I find the idea of a goofy-ass guy as namer to stand in marked contrast to the larger naming firms who are often positioned on language-as-science (a la the “chemist” spin here) but with more rigor than creativity. This entry on a Snark Hunting, a naming blog illustrates some of the other companies (we all know Landor, right?) and what they’ve done.
(See all naming process posts on Snark Hunting here including a NYT article about big clients and boutique (naming) agencies

So here’s a category of service that is not design or innovation but is right next door in the branding and marketing world, and here’s at least one example where making the choice between a small provider and a larger provider is presumably going to offer a very different type of relationship, service, and presumably result. Maybe that’s not true and maybe I’m just recycling the biases against small businesses that don’t seem “professional” along more traditional terms.

What do you think? Is this a goofy, cheaper alternative, or am I biased based on some semiotics of competency that I haven’t articulated yet?
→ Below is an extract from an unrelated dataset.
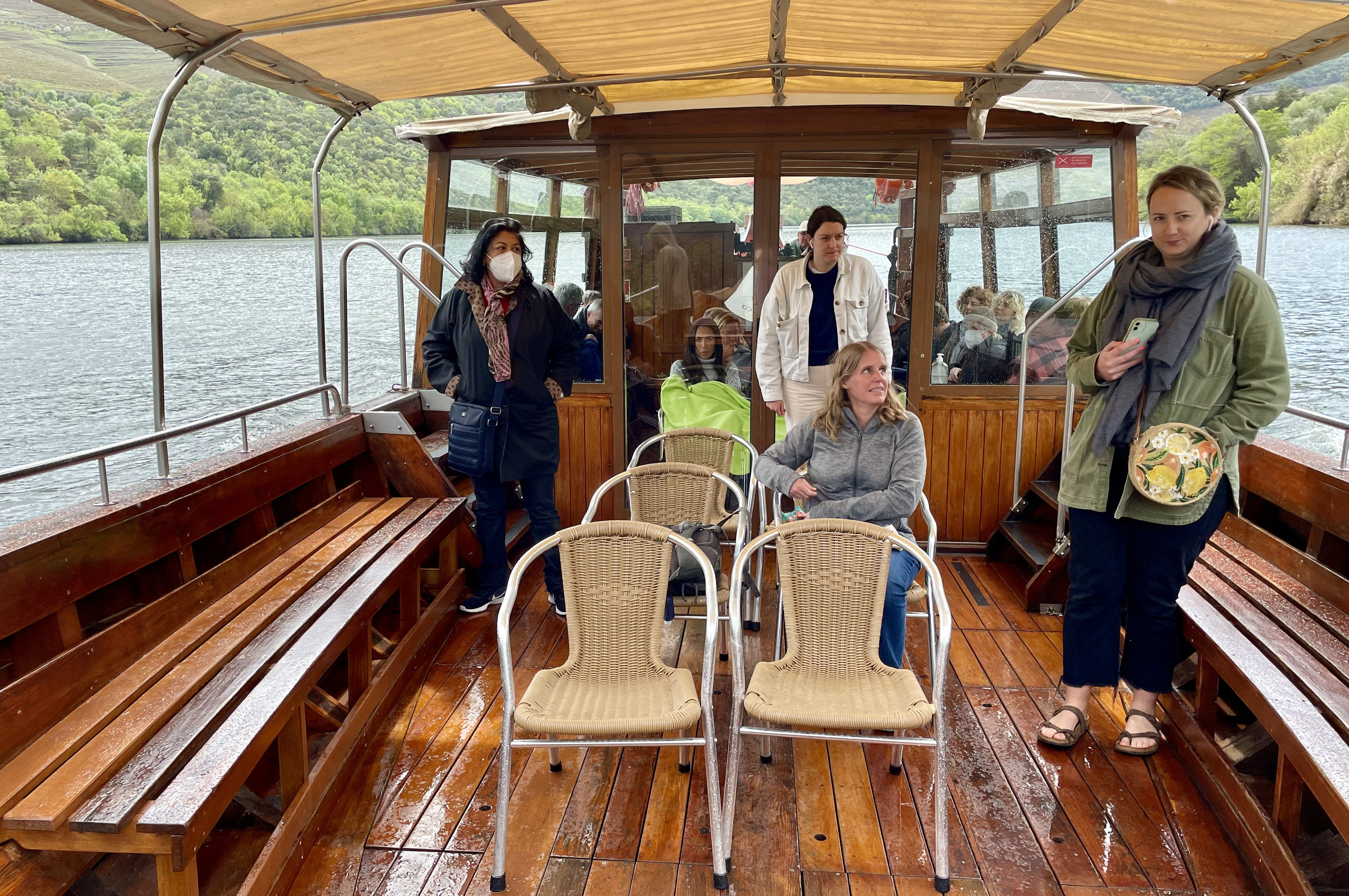 I have to say that this was not the most thrilling of boat tours. We didn’t go very far, only getting out of sight from Pinhao because of the curve of the river. We passed terraced vineyards, old winery buildings, and bridges, but obviously the views weren’t at their most impressive because of the weather. And we never had any idea where we were or what we were looking at. Apparently there was an audio guide that you could access on your mobile phone, but nobody came outside to tell the banished few about it. We just felt like we were cruising down the river on our own.

Magazines Find Ways to Include Unconventional Elements in Deals With Marketers

The New York Times reports on the results of a project I was involved in last year.
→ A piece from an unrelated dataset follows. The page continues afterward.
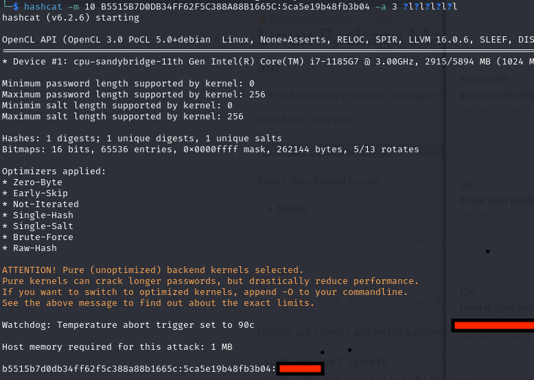 hashcat -m 10 B5515B7D0DB34FF62F5C388A88B1665C:5ca5e19b48fb3b04 -a 3 ?l?l?l?l?l

And Rodale has signed a deal with the Westin lodging chain with a lengthy list of unconventional elements.

For example, editors of a Rodale magazine, Runner’s World, are training employees of Westin hotels to be ‘running concierges,’ helping guests navigate local streets or parks with customized maps bearing the Westin and Runner’s World brands.

Westin will become the sponsor of Runner’s World races around the world.

Also, Westin guests will find in their rooms free copies of Rodale magazines and copies of Rodale books available for purchase like bathrobes.

Also in the rooms will be offers for discounts on Rodale books like ‘Lance Armstrong: Images of a Champion’ and ‘Eat Smart, Play Hard,’ as well as discount offers for subscriptions to Rodale magazines like Best Life, Bicycling, Men’s Health and Women’s Health along with Runner’s World. (Rodale employees are also being offered discounts on rooms at Westin hotels.)

Interestingly, the client was neither of these companies; the client was an technology firm looking to help Starwood (the parent of Westin) improve the gym experience for their guests. As part of their offering to Starwood, this IT company brought in a user-centered/innovation/design-y/ethnographic (etc.) methodology that led to a number of recomendations, not all of which would make use of the IT that the client wanted to develop/sell. The focus was on the overall experience.

As so often happens, since my consulting work takes place in the very early stages, it’s hard to find out what happened with a project, and here I happened to stumble upon this story in the newspaper.